Ниточка к сердцу - Эрик Рассел 7 стр.


Это означало, что сдали иллюминаторы. Иначе воздух не мог выйти из рубки. Запасные стекла у нас были, и вставить иллюминаторы ничего не стоило. Но пока что мы летели вперед - может быть, правильным курсом, а может быть, и нет - с пустой, лишенной воздуха рубкой, в которой царила только зловещая тишина.

Мы сидели и понемногу приходили в себя. Последним очнулся пострадавший механик. Сэм все-таки выходил его. И только тогда Мак-Нолти заорал:

– Четыре часа прошли! Мы прорвались!

Слабыми голосами мы крикнули "ура!" Ей-ей, в каюте от этой новости сразу стало градусов на десять прохладнее! Радость придала нам силы - не прошло и минуты, как мы не чувствовали и следов слабости и рвались в бой. Но только еще четыре часа спустя бригада механиков в скафандрах пронесла в крохотный лазарет Сэма тяжелое тело из рубки.

– Как дела, Эл? - спросил я.

Он, наверное, услышал, потому что шевельнул пальцами правой руки и, прежде чем дверь за ними закрылась, издал скрежещущий, хриплый звук. Потом два механика прошли в его каюту, принесли огромный кожаный мешок и снова заперлись в лазарете, оставив нас с марсианами снаружи.
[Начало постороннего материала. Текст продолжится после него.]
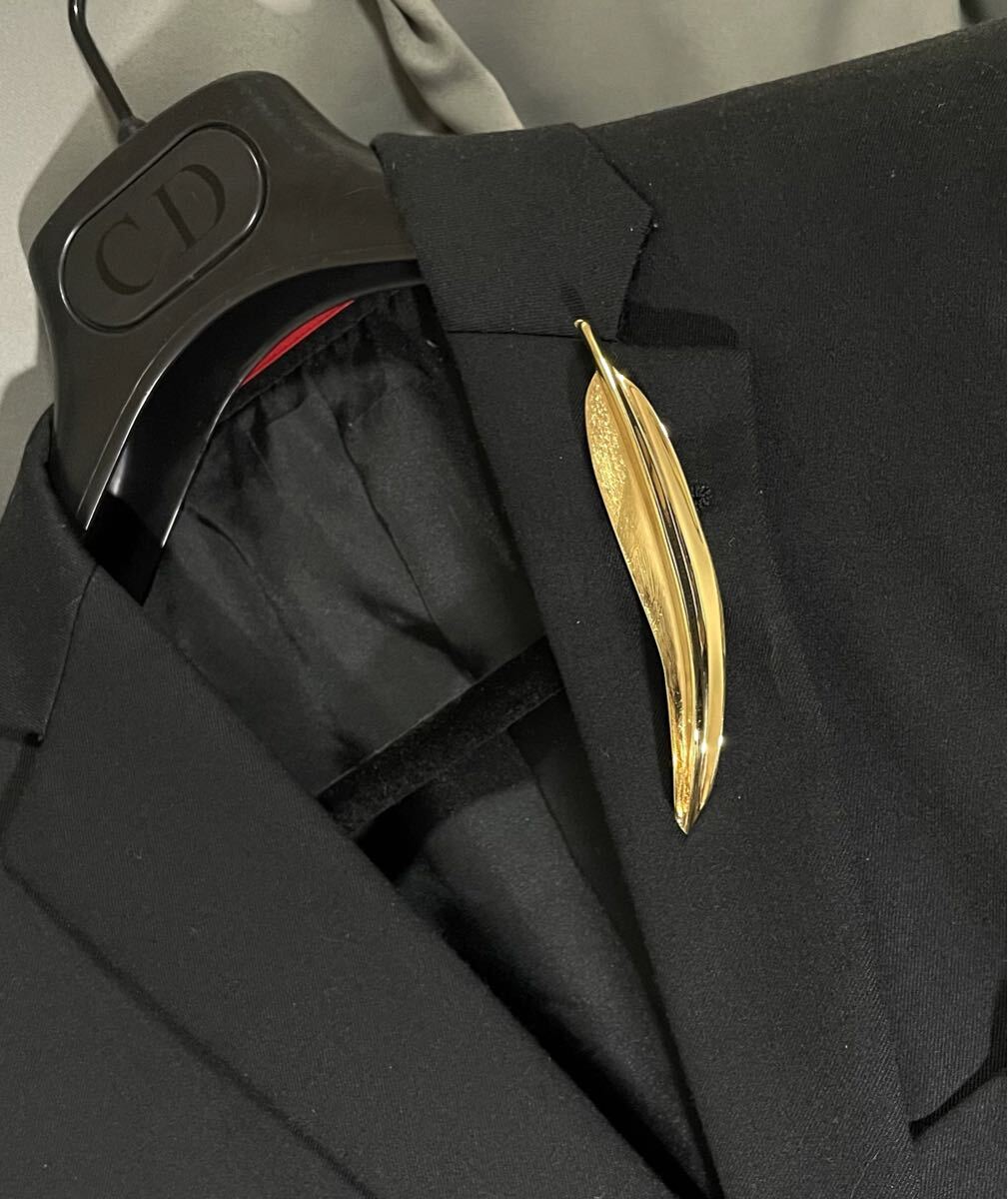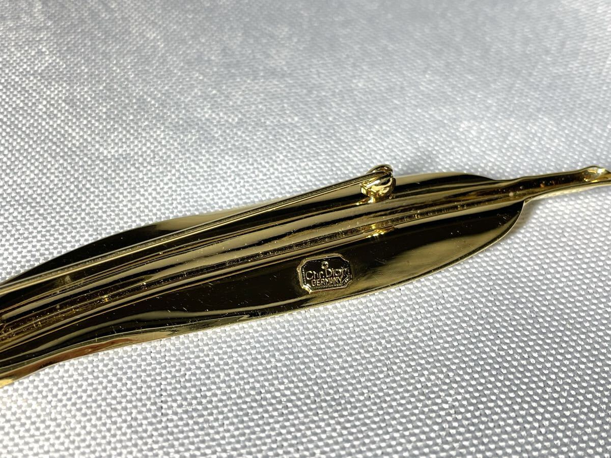 即決美品 Christian Dior クリスチャンディオール フェザーデザイン ラージサイズ アンティークブローチ ゴールド ヴィンテージ 男女兼用
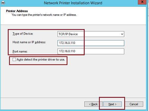 Then select that a TCP/IP printer (TCP/IP Device) is being installed and specify its IP address. Uncheck Auto detect the printer driver to use.
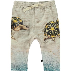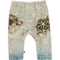 Sabb is a pair of roomy baby trousers with a print of a beach and turtles.
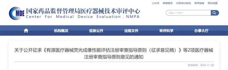 11月28日,國(guó)家藥監(jiān)局器審中心發(fā)布《有源醫(yī)療器械熒光成像性能評(píng)估注冊(cè)審查指導(dǎo)原則(征求意見稿)》《二氧化碳激光治療設(shè)備注冊(cè)審查指導(dǎo)原則(征求意見稿)》等2項(xiàng)指導(dǎo)原則,并向社會(huì)公開征求意見。

Кли Янг шатался взад и вперед по коридору, как будто не знал, что делать со своими щупальцами.

Час спустя из лазарета вышел Сэм, и мы бросились к нему.

– Как Эл?

– Слеп, как крот, - сказал он, покачав головой. - И лишился голоса. Ему пришлось ужасно тяжело.

Так вот почему он не отвечал, когда я его вызывал к трубке!.. Я посмотрел Сэму прямо в глаза.
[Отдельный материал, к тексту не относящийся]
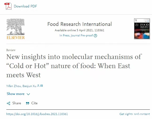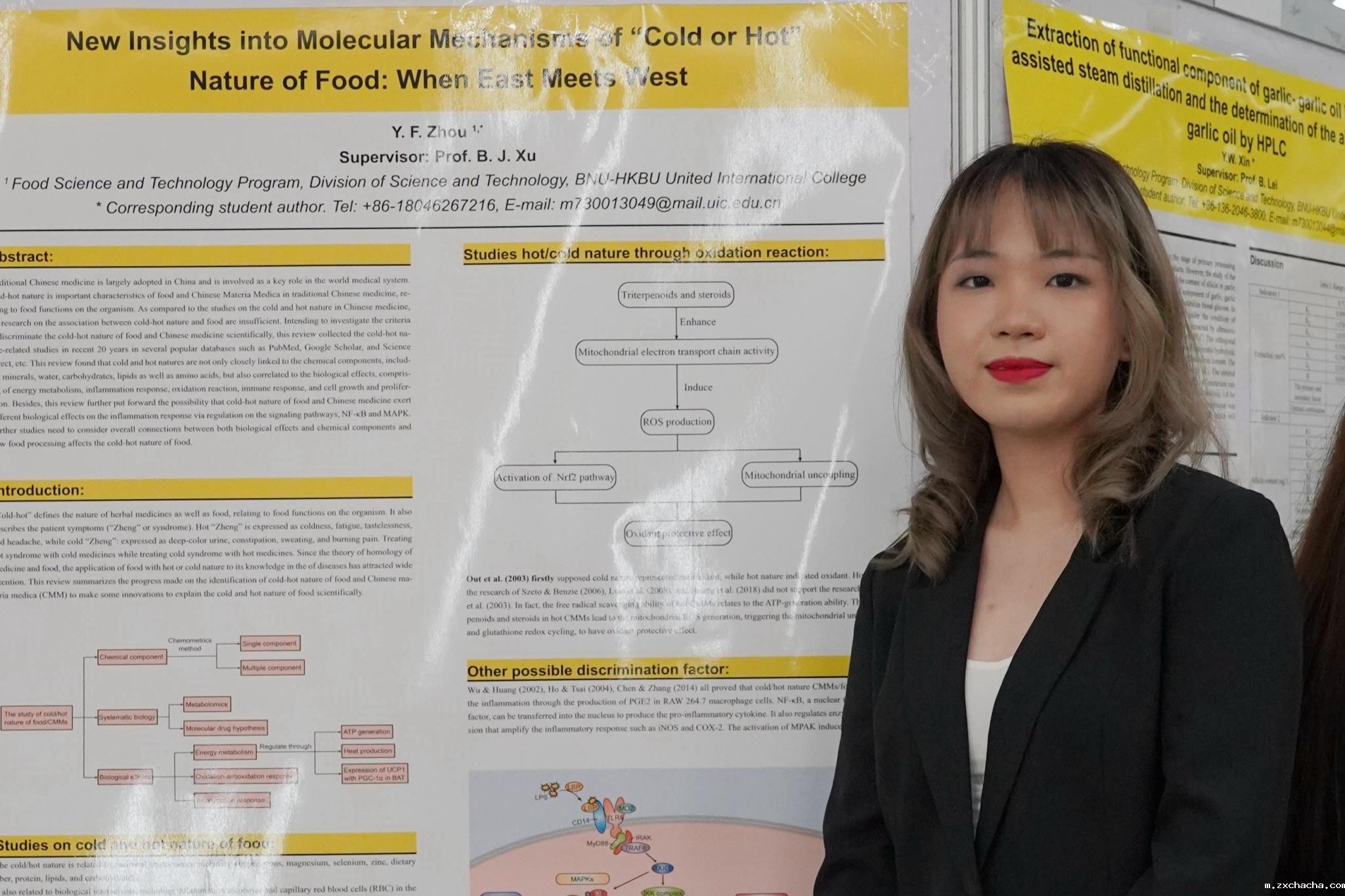 在生命科学系主任徐宝军教授的指导和鼓励下,周一帆开始对功能性食品如松茸、皂苷等对炎症、癌症、肥胖和糖尿病的潜在益处进行综述研究,积累了大量有关植物化学、生物科技,以及慢性疾病的机制和治疗方面的课外知识。她在毕业论文研究中医学中食品的寒热性,这篇《有关于食品寒热性的新见解:当东方遇见西方》发表在国际知名期刊Food Research International上。大四下学期,周一帆完成了另一篇有关膳食皂苷抗癌分子信号通路的综述论文,发表在国际权威期刊Critical Reviews in Food Science and Nutrition上。

– Сэм, ты можешь… ты можешь ему как-нибудь помочь?

– Если б я мог! - Его черное лицо было очень выразительным. - Ты знаешь, сержант, как бы я хотел привести его в порядок, но я не могу. - Он бессильно развел руками. - Это превышает мои скромные возможности. Может быть, когда мы вернемся на Землю…

Его голос прервался, и он снова ушел в лазарет.

– Мне грустно, - в отчаянии сказал Кли.

Тот вечер, когда нас пригласили в нью-йоркский астроклуб, я никогда в жизни не забуду. Тогда этот клуб был - да и сейчас еще остается - самым избранным обществом, какое только можно себе представить. Чтобы вступить в него, космонавт должен совершить что-то подобное чуду. Тогда в клубе насчитывалось всего девять членов, да и сейчас их только двенадцать.

Председателем клуба был Мейс Уолдрон - знаменитый пилот, который спас тот марсианский лайнер в 2263 году. Весь расфранченный, он стоял во главе стола, а рядом с ним сидел Эл Стоу. На другом конце стола сидел Мак-Нолти - с его веселой физиономии не сходила довольная усмешка. А рядом со шкипером находился старый, седой Кнут Иоханнсен - гений, который изобрел систему "Л", известную каждому космонавту.

Остальные гостевые места за столом занимала вся смущенная команда "Маргаритки", включая марсиан, плюс трое пассажиров, которые решили ради такого случая отложить свой отлет. Было еще несколько аудиорепортеров со своими камерами и микрофонами.

– Джентльмены и ведрас, - произнес Мейс, - это беспрецедентное событие в истории человечества и нашего клуба. Может быть, именно поэтому я считаю для себя особой честью внести предложение - принять в члены клуба запасного пилота Эла Стоу, который этого в высшей степени достоин.

– Поддерживаем! - крикнули одновременно три других члена клуба.

– Благодарю вас, джентльмены.

Он вопросительно поднял бровь. Восемь рук взметнулись над столом.

– Принято единогласно!

Взглянув на Эла Стоу, который молча сидел рядом, Мейс начал превозносить его до небес. Он все говорил и говорил, а Эл все сидел с безразличным видом.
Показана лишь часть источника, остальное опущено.